機器學習競賽王者演算法：XGBoost、LightGBM、CatBoost

12月 16, 2020

若是有參加過機器學習競賽的人應該都會聽過 XGBoost 這個橫掃各種競賽的演算法，其實後來也有衍生出 LightGBM 和 Cat boost 這兩種演算法可以使用，只是比較少人聽過，又鑒於這方面資料似乎比較少，就自己吃了一些學習資源來介紹，順便推動自己的學習，希望才疏學淺的本人可以幫助你更了解這三個常見演算法。

The map of machine Learning algorithms

Source

不論是 XGBoost, LightGBM 還是 Catboost，他們都屬於 Ensemble learning (集成式學習)中的 Boosting 方法。Ensemble learning 的基本想法就是一個不夠，你有沒有試過兩個？兩個不夠，你有沒有試過三個？也就是將多種學習方法都集合在一起使用，彼此互相補足，讓演算法的架構更加靈活。

Boosting

Boosting 是循序的演算法，一開始會先產生多個弱學習器(Weak learner)並讓它們不斷改正舊模型的錯誤，最後合成起來變成一個強學習器(Strong learner)。而所謂的弱學習器是指比隨機猜的表現還要更好一點的模型，這種學習器的訓練成本低、複雜度也低，同時也不易 Overfitting。正因為這些特性，所以我們才可以在短時間內訓練很多種弱學習器，彼此組合起來得到一個強力的模型。

Gradient Boosting

Gradient boosting 指的則是將梯度下降法(Gradient descent)應用到這些弱學習器的學習上，幫助最小化 error。這個方法的主要問題在於每跑一次 Gradient descent都需要重新建立一次學習器，這樣非常沒有效率，也因此 XGboost 出現了。

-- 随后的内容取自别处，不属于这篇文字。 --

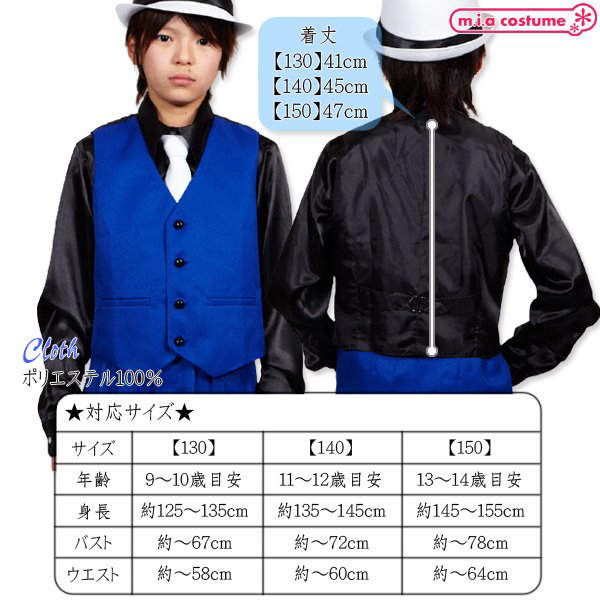 140サイズ 対応サイズ:身長135〜145cm・B〜72cm・W〜60cm 実寸:着丈45cm セット内容:ベスト単品(前ボタン) 素材:ポリエステル100%

Gradient Boosting Decision Tree (GBDT)

當我們剛剛所提到的每一個弱學習器都是一個決策樹的時候，這個意圖學習並組合出最好的決策樹的Gradient Boosting就叫做GBDT。這也是我們目前最常見用來實作Gradient boosting的做法，同時，這樣做也正好緩和了決策樹容易Overfitting 的問題。今天的三大主題 XGBoost, LightGBM, CatBoost 都是基於 GBDT 的改進方法。

XGBoost

XGBoost的全名是 eXtreme Gradient Boosting，聽起來就很強很極限，實際上也真的很強很極限，可以比喻成是吃了類固醇的 Gradient Boosting。相較於循序學習的GBDT，XGBoost更加有效率、有彈性並且更輕量化，這是因為他能提供平行的決策樹Boosting，讓整個學習的過程不再是循序而是平行的。

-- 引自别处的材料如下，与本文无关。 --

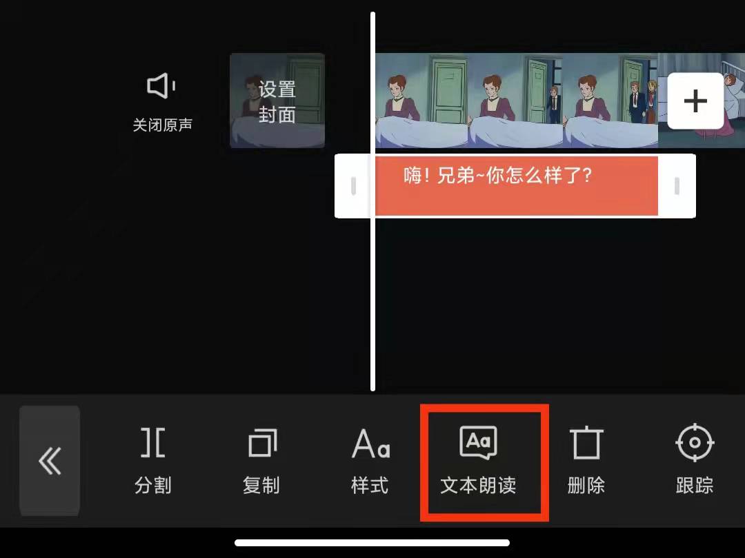 3、点击“文本朗读”,选择需要添加的音色后点击页面右下角的“√”即可完成人工语音的添加。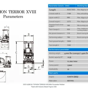 What’s Included: The TYPHON TERROR XVIII mini excavator machine comes with 1 x standard digging excavator bucket, as well as 1 x tool box, 1 x canopy, and 1 x digital manual with all the instructions.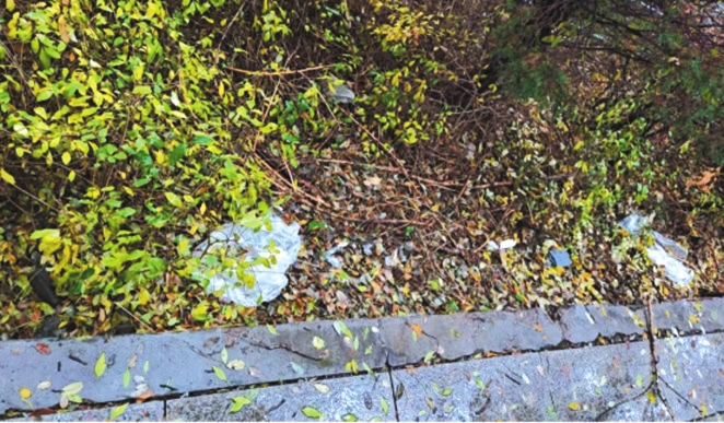 建设路万福家园小区西侧绿化带垃圾较多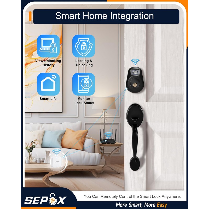 SEPOX® Keyless Smart Lock for Front Door 2 PCS, Fingerprint Entry Door Lock w...

XGBoost 的學習過程基於 level-wise tree pruning，在學習的時候它是在不同tree的同一個level上利用資訊獲利 ( information gain ) 的方式作為指標來挑選節點出來組合，雖然已經可以達到平行學習，但在資料量大時要去計算所有可能的 split 還是有點耗時，所以才會衍生出 LightGBM 和 CatBoost。

LightGBM

LightGBM 採用 Level-wise 和 leaf-wise 並行訓練，並且用 Gradient-based One-Side Sampling (GOSS)和 Exclusive Feature Bundling (EFB)兩種演算法來降低計算量。

其中，GOSS 是一種下採樣的抽樣演算法，首先它會先計算出所有樣本的 gradient並排序，接下來它會保留一些 gradient 較大的樣本並從剩下的 gradient 較小的樣本中隨機抽樣幾個出來留下。這是因為 gradient 大的表示還沒有經過充分的訓練，而gradient小表示已經有充分的訓練過，也因此，繼續對 gradient 小的樣本訓練非常沒有效率，所以才會以下採樣的方式減少它們的數量。而以隨機採樣的方式的原因是為了避免資料分布在過程中被改變，這麼做不僅可以減少計算量也能確保模型的準確度。　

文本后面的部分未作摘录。